Portfolio and revenue diversification has its’ documented benefits.
When covering revenue diversification, most teams focus on removing the downside risks: revenue concentration, regulatory impacts, competition, sales cycles, etc…
BUT, there are two hidden benefits to revenue diversification that are not as well covered that I look for when evaluating a business. I will cover those topics today & tomorrow.
Hidden Benefit 1: THE NEW YORK, NEW YORK RULE
One hidden benefit for industrial technologies that serve the critical infrastructure verticals is how customer diversity grants a start-up exposure to win higher margin contracts. Here is my incredibly simple approach: the higher the margin available in the customer’s underlying product, the more investment that prospective customer can make in advancing IT/OT technologies. This approach is naturally consistent with the “value based pricing” blog I wrote about last month. The driver to this opportunity is the forcing function of lean product development and efficient distribution in the lower margin industries that subsequently creates greater cumulative profitability elsewhere.

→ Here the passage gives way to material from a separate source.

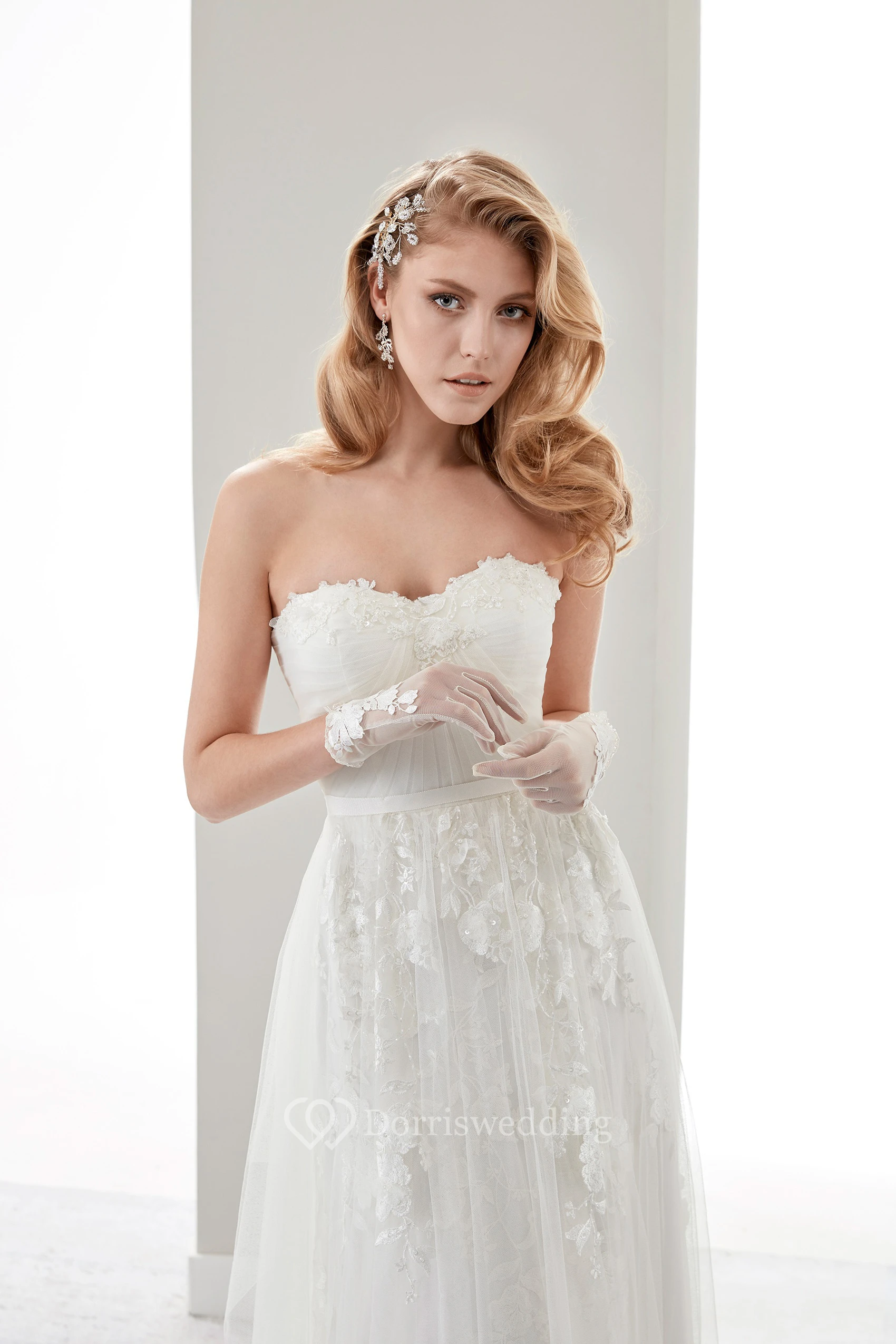 Strapless Draping Appliques Bridal Gown With Petal Bust

If an industrial technology company is forced to make their unit economics work for the narrow-budgeted, low margin commodity provider (read: power, utilities) then the margin available to deliver that product to higher margin verticals should allow for materially greater profits. (competition pending!) These lower margin industries are a bootcamp to focus on delivering the highest value at the lowest price with an efficient go to market strategy. I joke that this is my Sinatra “New York New York Rule” and that ““If you can make it here you can make it anywhere” I insist that start-ups increase pricing when going to these other verticals… they deserve it!
The site, Ready Ratios, shows gross margin by industry. And these directionally line up with my broad strokes interpretation below:
Show me a technology start-up making good margin in agriculture and power and I will show you an excellent business in the other verticals.